**Information supplied:**
>>>
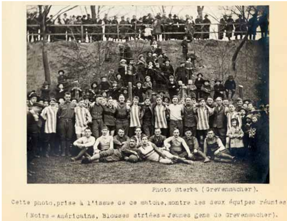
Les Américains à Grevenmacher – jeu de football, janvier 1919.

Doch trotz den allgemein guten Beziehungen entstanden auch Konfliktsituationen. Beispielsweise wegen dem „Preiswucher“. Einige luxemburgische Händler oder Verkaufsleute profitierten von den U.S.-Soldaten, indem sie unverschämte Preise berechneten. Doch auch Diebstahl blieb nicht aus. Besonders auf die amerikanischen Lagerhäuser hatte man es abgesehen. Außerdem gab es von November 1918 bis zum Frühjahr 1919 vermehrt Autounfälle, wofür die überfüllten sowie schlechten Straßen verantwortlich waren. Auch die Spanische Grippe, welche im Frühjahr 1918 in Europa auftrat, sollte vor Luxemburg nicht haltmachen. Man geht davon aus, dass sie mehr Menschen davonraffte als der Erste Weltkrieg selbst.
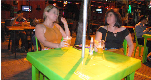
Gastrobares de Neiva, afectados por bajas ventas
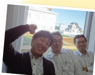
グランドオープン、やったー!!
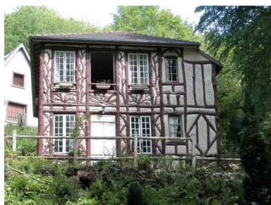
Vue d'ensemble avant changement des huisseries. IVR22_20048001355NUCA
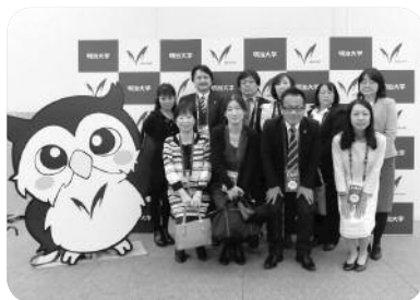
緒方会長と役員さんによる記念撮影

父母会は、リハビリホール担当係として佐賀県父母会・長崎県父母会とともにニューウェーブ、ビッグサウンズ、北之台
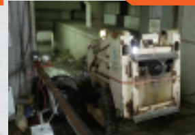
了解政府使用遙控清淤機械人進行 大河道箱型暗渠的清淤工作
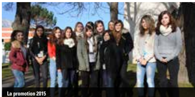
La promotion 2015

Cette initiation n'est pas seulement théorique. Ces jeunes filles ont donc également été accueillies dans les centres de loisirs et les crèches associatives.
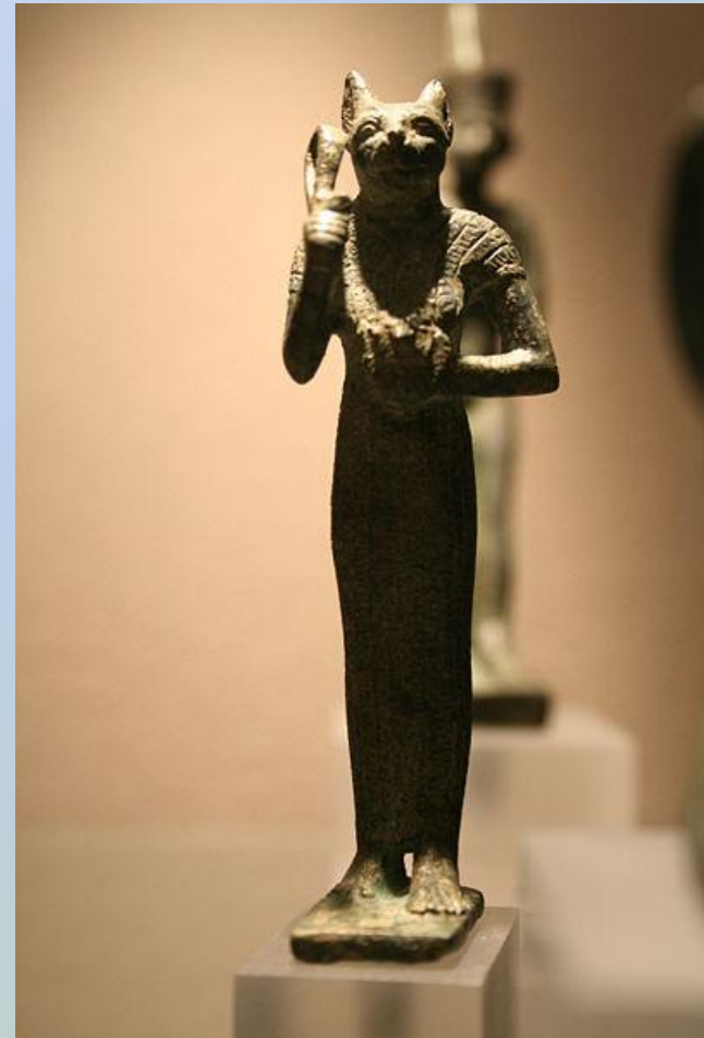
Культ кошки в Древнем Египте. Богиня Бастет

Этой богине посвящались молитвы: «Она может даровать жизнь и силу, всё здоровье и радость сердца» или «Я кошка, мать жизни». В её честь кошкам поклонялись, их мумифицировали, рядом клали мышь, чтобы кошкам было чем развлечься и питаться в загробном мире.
<<<
>>>
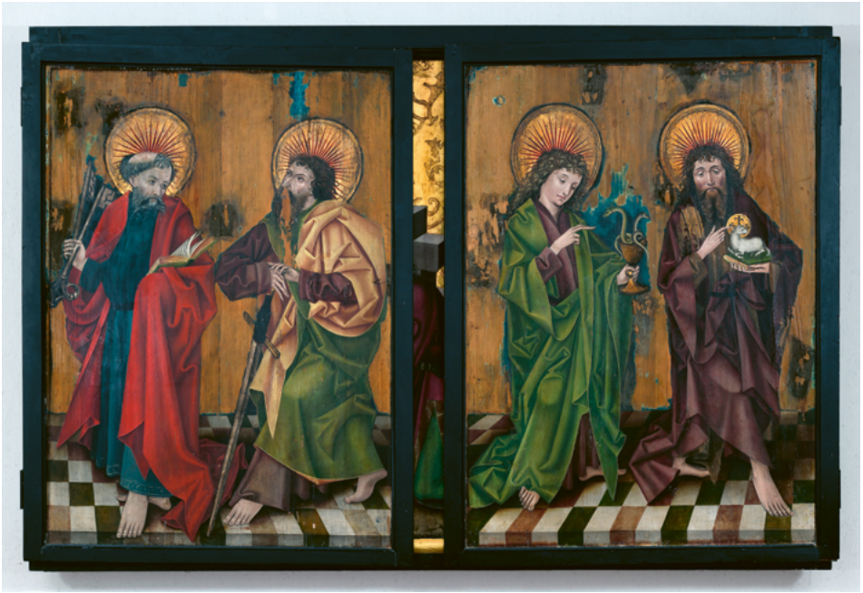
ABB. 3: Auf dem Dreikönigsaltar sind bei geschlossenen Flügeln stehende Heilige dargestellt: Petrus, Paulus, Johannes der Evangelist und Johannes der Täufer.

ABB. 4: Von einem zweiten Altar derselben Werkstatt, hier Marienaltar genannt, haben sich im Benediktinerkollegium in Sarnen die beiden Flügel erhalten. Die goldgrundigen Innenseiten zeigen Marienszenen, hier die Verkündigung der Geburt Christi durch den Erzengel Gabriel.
<<<
**Task requirements:** Reproduce the records above exactly, but only from the line with "グランドオープン、やったー!!" up to and including the line with "La promotion 2015". Leave the pictures out.

**Exercise solution:**
グランドオープン、やったー!!
Vue d'ensemble avant changement des huisseries. IVR22_20048001355NUCA
緒方会長と役員さんによる記念撮影

父母会は、リハビリホール担当係として佐賀県父母会・長崎県父母会とともにニューウェーブ、ビッグサウンズ、北之台
了解政府使用遙控清淤機械人進行 大河道箱型暗渠的清淤工作
La promotion 2015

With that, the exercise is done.